If so, Please Vaccinate is simply another transformation.  Perhaps, it is also a one-off.  It really doesn't matter to me ... because it is saying something I feel strongly about!  I got the little oil painting at Bill Mishoe's auction.  It came with several other framed pieces.  I bought them because there was another piece in the stack that I wanted.  (I got an early Suzy Scarborough encaustic!  I adore Suzy's work. I got it for an obscenely low price. I am thrilled.)  I had no idea what to do with the oil painting but it occurred to me that it had survived for decades ... through smallpox and influenza and the polio epidemic. With nothing to lose and absolutely no money in the materials, I found five anonymous photographs which I'd already fused to muslin.  I cut them and started stitching.  While stitching, I refined the words and decided that they should be done in wrapped back-stitch.
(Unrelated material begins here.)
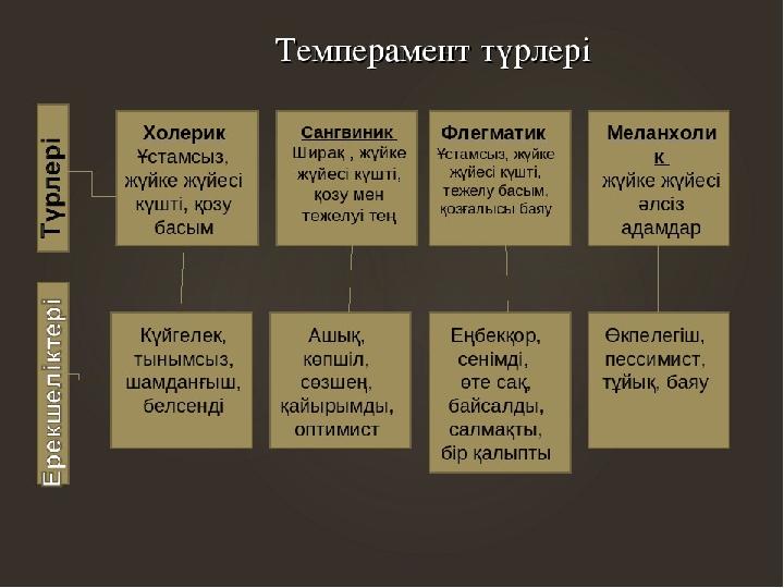 Мақсаты: Студенттер ж аңа материал бойынша танысқан алғашқы ұғым – темпераменттің анықтамасын, темперамент жөніндегі физиологиялық ілімін, Темпераменттердің ерекшеліктерін талдайды, типтерді өзара салыстырады және байланыстырады , тақырыптың негізгі тұстарын біледі. Күтілетін нәтиже: Студенттер тапсырмалар орындау барысында ойларын жинақтай алады, пікір алмаса алады, түйінді ойды саралауға үйренеді, талқылай алады, сұрақтарға жауап береді және қорытындай алады

The words were printed on regular paper.  I stitched directly through the paper and then tore the paper away.   

(Above:  Please Vaccinate, in progress ... being re-lined.)
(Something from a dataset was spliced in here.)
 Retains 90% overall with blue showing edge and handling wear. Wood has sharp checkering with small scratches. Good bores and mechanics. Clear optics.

As I stitched, the oil painting naturally slackened on its wooden stretcher bar.  I also knew that I would need to remove it from the stretcher bar in order to finish the stitching on both far sides.  The stretcher bar was otherwise "in the way".  In order to re-stretch the oil painting, I had to re-line it by gluing the canvas to a new piece of canvas.  Thankfully, I own the proper, acid-free, water-soluble glue and a Seal press to totally fuse the two layers together.  Using my canvas pliers, the piece was quickly back on its original stretcher bar and back in its original frame.

(Above:  Please Vaccinate, detail.)

In the statement for my upcoming show, I mention how my alterations of old things are done for new expression.  If this isn't a perfect example ... even if it is a one-off ... I don't know what is!

(Above:  La Sylphide, an altered lithograph.)

I didn't create La Slyphide this past week.  I threw it together sometime last month and then forgot about it.  (Maybe this is a true one-off!) Maybe I forgot because it really doesn't altered the sad story of La Slyphide.  I just added letters clipped from antique ephemera to point out that "not all fairy tales end well."  This one doesn't.  

Yes, I got the frame and the lithograph from Bill Mishoe's auction.  Like the oil painting, neither was something I wanted.  They just came with things I knew would work for some of my found object mandalas.  There was an old Bible too.  Between some of the pages were the pressed flowers.  I used water soluble pencils to add color to the otherwise black-and-white lithograph. I created this piece one day while cutting mats for customer orders.  Sometimes, it is the little things that just keep the routine/series going!
 

1 comment:

Christine said...

Beautiful 'one offs'. I love the vaccinate artwork, pity it couldn't go to the show.....
Didn't like the chosen ones but after reading the story and then going back..... veerrryyyee good. Have to keep going back to see more.